## Data to use
+ + + +

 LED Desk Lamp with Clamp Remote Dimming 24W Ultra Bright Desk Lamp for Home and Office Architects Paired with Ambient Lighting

+ + + +

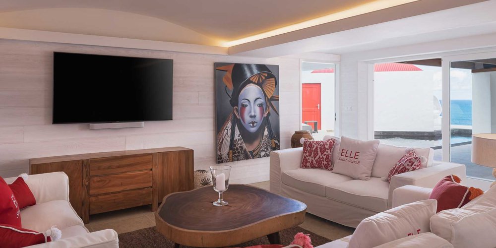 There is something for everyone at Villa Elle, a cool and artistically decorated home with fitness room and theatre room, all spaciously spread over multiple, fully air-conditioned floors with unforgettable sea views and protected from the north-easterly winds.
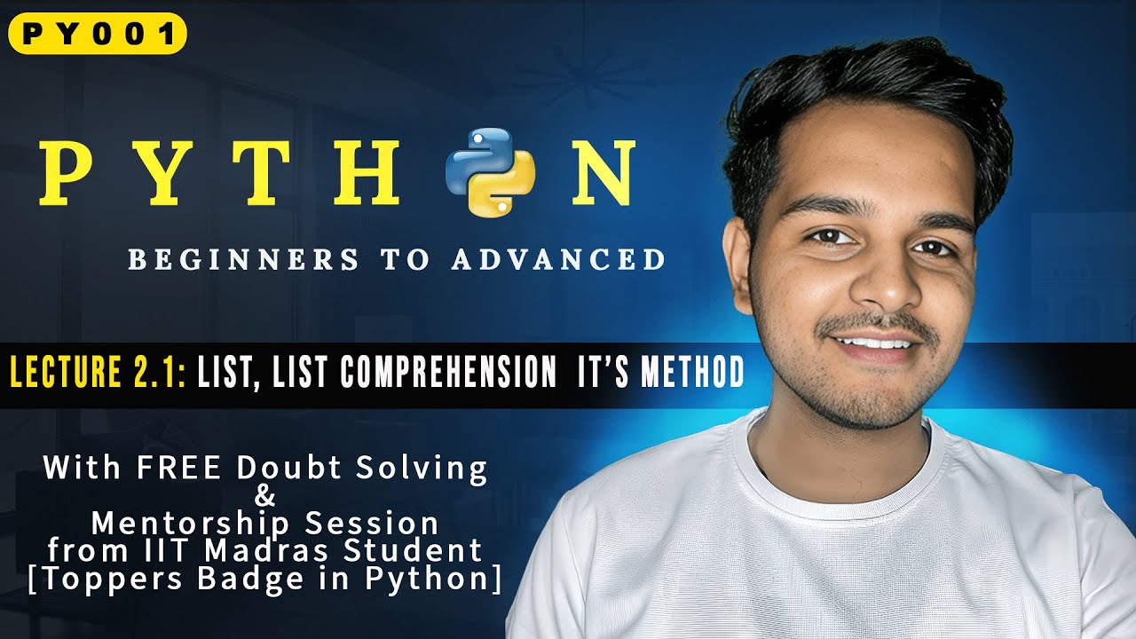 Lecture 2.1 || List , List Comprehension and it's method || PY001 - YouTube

+ + + +

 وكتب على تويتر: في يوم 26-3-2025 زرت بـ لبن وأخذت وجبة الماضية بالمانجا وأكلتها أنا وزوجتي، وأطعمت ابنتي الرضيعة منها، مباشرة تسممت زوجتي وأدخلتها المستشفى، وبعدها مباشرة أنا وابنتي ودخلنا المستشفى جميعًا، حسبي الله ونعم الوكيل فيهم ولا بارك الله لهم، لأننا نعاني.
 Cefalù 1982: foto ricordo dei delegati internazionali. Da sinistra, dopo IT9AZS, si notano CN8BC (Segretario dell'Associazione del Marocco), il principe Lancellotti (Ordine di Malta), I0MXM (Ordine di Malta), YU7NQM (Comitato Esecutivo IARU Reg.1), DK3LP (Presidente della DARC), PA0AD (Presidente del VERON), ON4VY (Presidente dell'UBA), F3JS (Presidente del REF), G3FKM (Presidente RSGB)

+ + + +

## Exercise description
Those lines of the records above that run from the one containing "There is something" through the one containing "Lecture 2.1 ||" should be returned exactly, with no pictures among them.

## Answer for this exercise
 There is something for everyone at Villa Elle, a cool and artistically decorated home with fitness room and theatre room, all spaciously spread over multiple, fully air-conditioned floors with unforgettable sea views and protected from the north-easterly winds.
 Lecture 2.1 || List , List Comprehension and it's method || PY001 - YouTube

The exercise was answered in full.